私は目の前の酒瓶を見つめたまま、更に本間を追い込む質問をする事にした。
「それで、君の場合のグッドエンドとは何なのかね?」
本間は暫く黙り込んだ後、バーテンダーが作り直したばかりの水割りを飲み干した。
「自分の場合は、初恋の人が別の人と結婚してしまったけれど、再会して結婚する事が出来た事ですかね?」
「それならば、グッドエンドではなくて、ハッピーエンドだよ。ずっと想い続けて来た初恋の女性と結婚出来るなんて、今どき映画や小説でも許されない展開だよ!」
私は本間の顔を見た。本間の表情には、明らかに狼狽の色が浮かんでいる。急に高まった私の感情に驚いている様だ。
しかし、本当に恐れるべきは、これから吐き出される私の言葉である事に、本間は気付いていないのだろう。私は感情を押し殺した無表情な声で続けた。

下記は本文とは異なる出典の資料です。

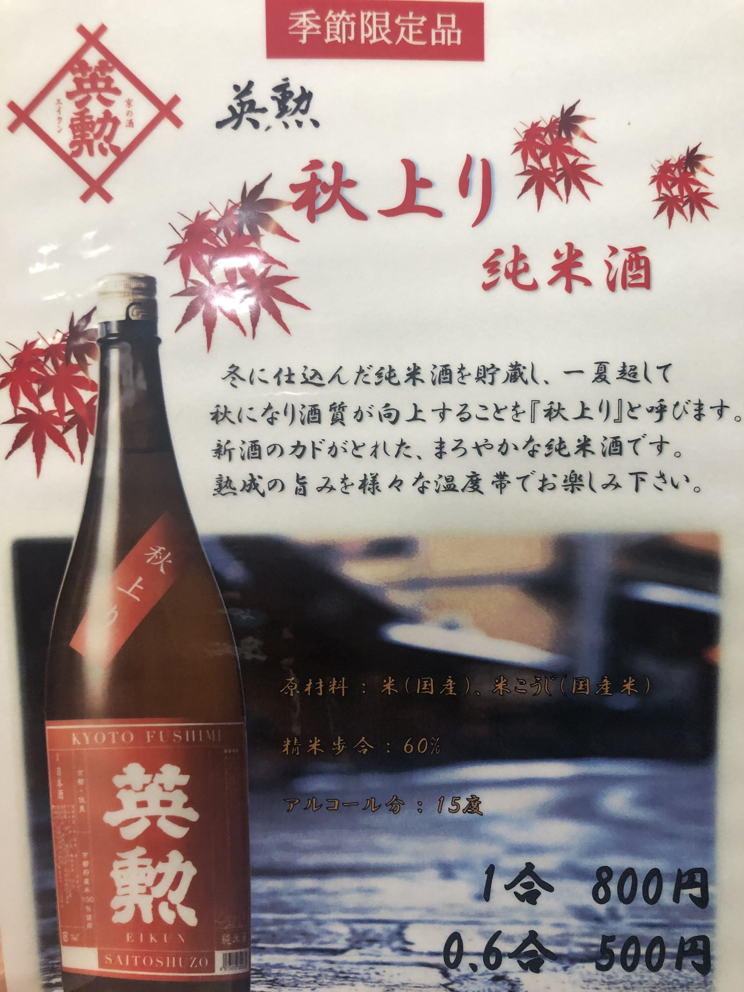 秋の日本酒入荷しました!!
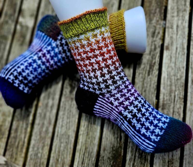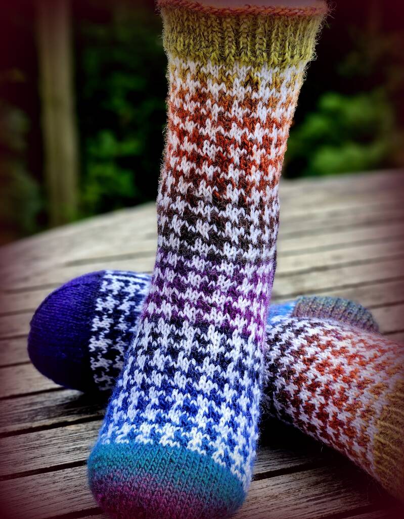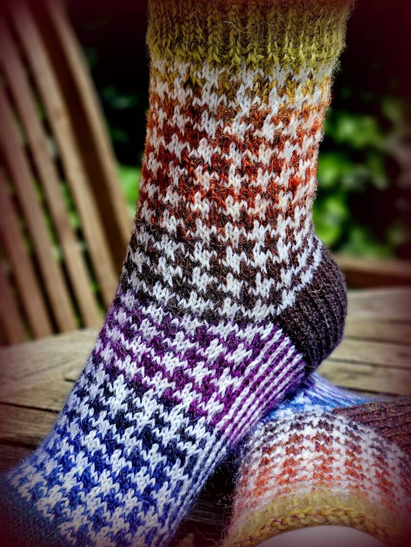 Earth is gemaakt met verloop-garen. Het is heel lastig om precies dezelfde sokken te krijgen.

「君のグッドエンドは他の者とは違って、ハッピーエンドと言うよりも、ベストエンドに成らなかった為のグッドエンドなのじゃ無いのか? ミワの家出によって最も狙っていた結末を逃してしまった。そんなところだろう?」
「…………………」
図星の様だ。本間は言葉を失って、まるで父親に怒られている小学生の様な目で私を見ている。
しかし、私の考えている事が事実だった場合、本間だけでは無く、私の精神にも大きなダメージが与えられる。だからと言って、その話題を避けて通れるほど私の精神は成熟してはいない。
たとえ自分が傷つく事になろうとも、このまま本間を許すわけにはいかない。 私は本間への攻撃を開始した。